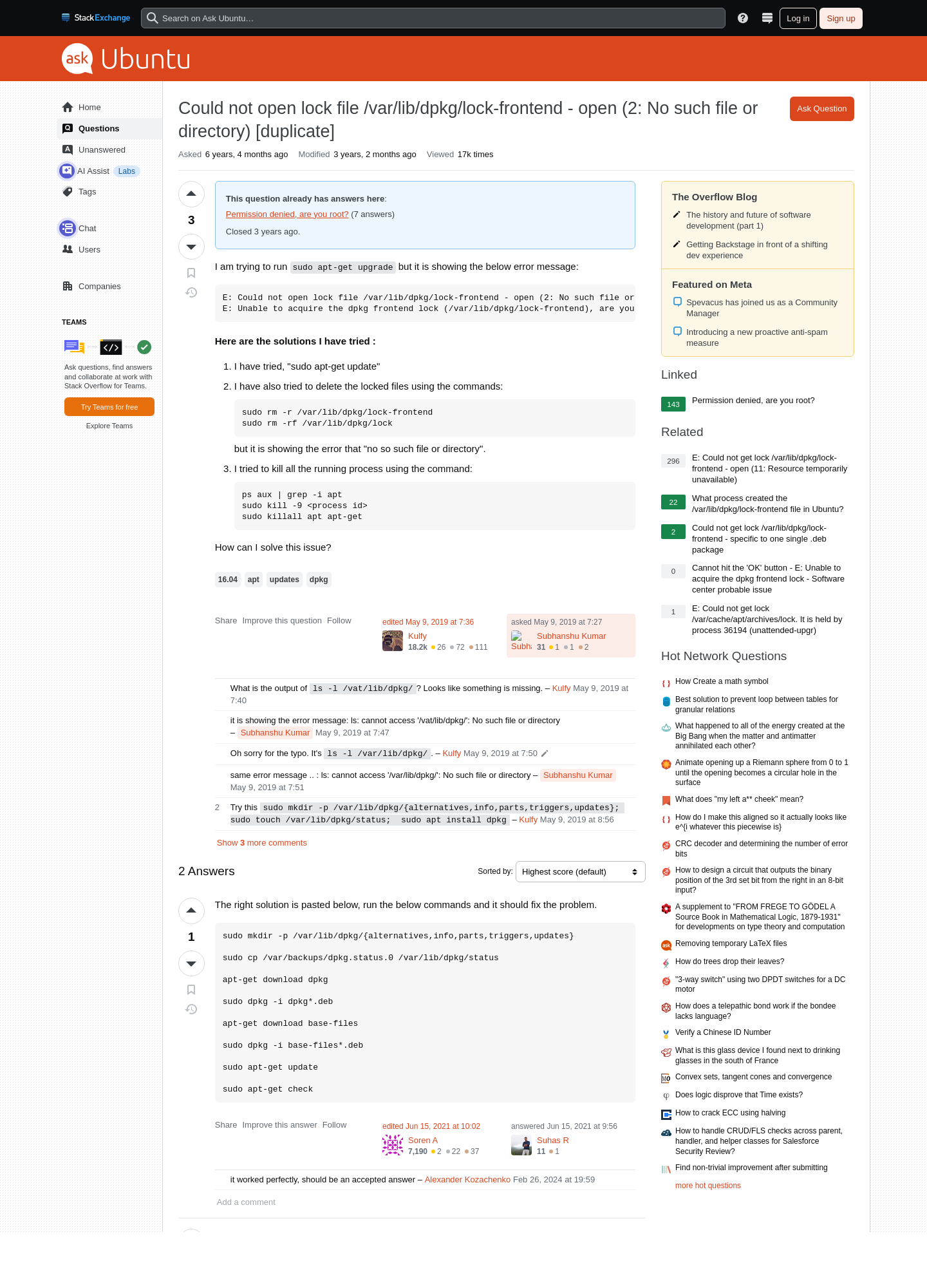 16.04 - Could not open lock file /var/lib/dpkg/lock-frontend - open (2: No such file or directory) - Ask Ubuntu
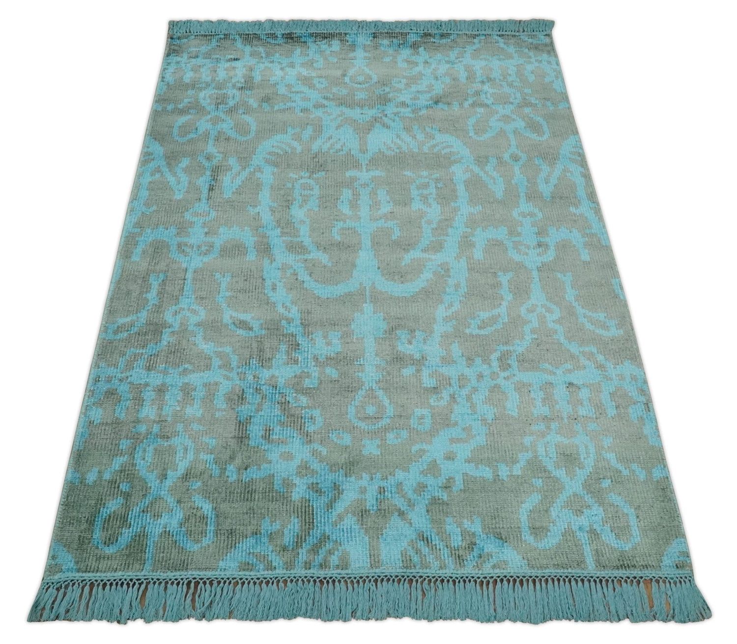 4.5x6.5 Hand Knotted Blue and Gray Modern Persian Style Contemporary Art Silk Area Rug | OP133
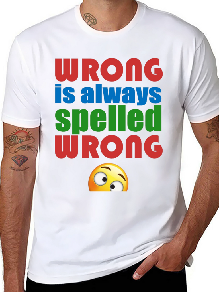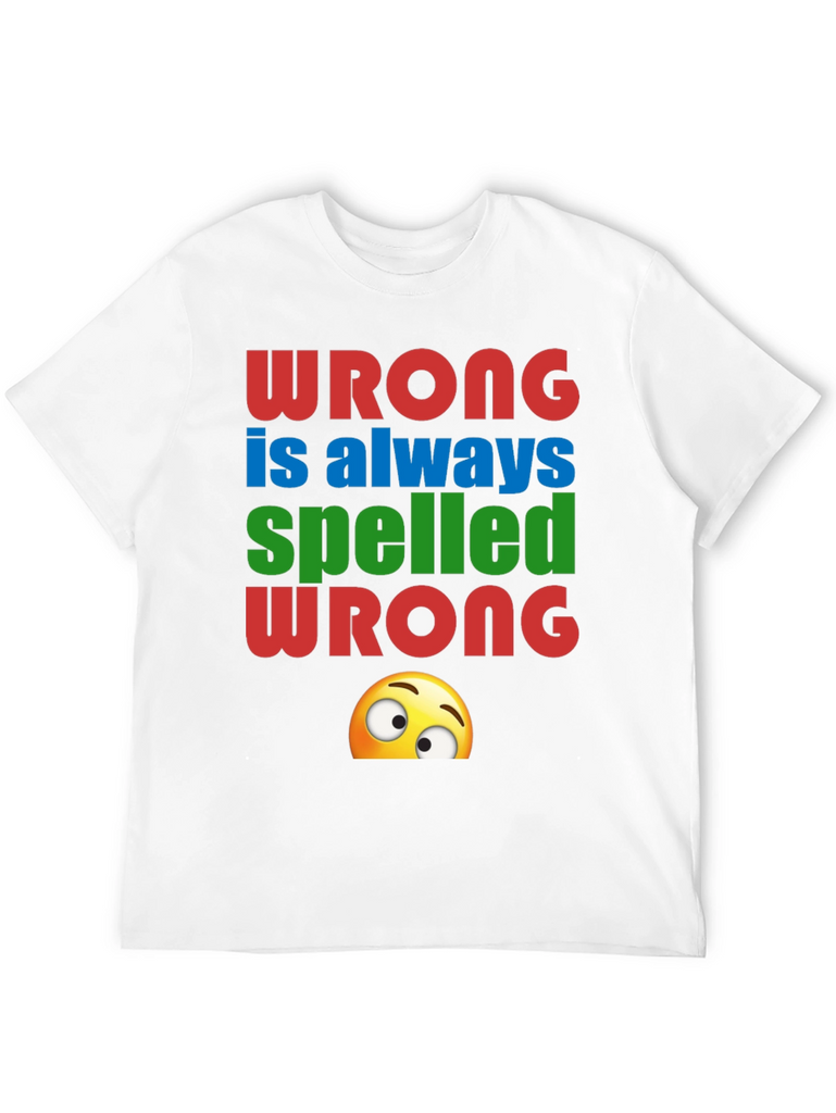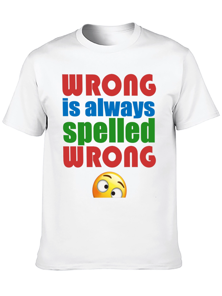 This novelty graphic tee features the playful message "Wrong is always spelled wrong" in bold, colorful lettering. The red, blue, and green text is complemented by a quirky emoji peeking out from the bottom of the design. Made from a soft, breathable black fabric, this shirt offers both comfort and style. It's perfect for casual wear, parties, or as a conversation starter. Show off your sense of humor with this unique and eye-catching tee. A fun gift for grammar enthusiasts and anyone who appreciates a good pun!

# WHAT IS EXPECTED
Return the complete material exactly as given, excluding images.

# SOLUTION TO THIS PROBLEM
 16.04 - Could not open lock file /var/lib/dpkg/lock-frontend - open (2: No such file or directory) - Ask Ubuntu
 4.5x6.5 Hand Knotted Blue and Gray Modern Persian Style Contemporary Art Silk Area Rug | OP133
 This novelty graphic tee features the playful message "Wrong is always spelled wrong" in bold, colorful lettering. The red, blue, and green text is complemented by a quirky emoji peeking out from the bottom of the design. Made from a soft, breathable black fabric, this shirt offers both comfort and style. It's perfect for casual wear, parties, or as a conversation starter. Show off your sense of humor with this unique and eye-catching tee. A fun gift for grammar enthusiasts and anyone who appreciates a good pun!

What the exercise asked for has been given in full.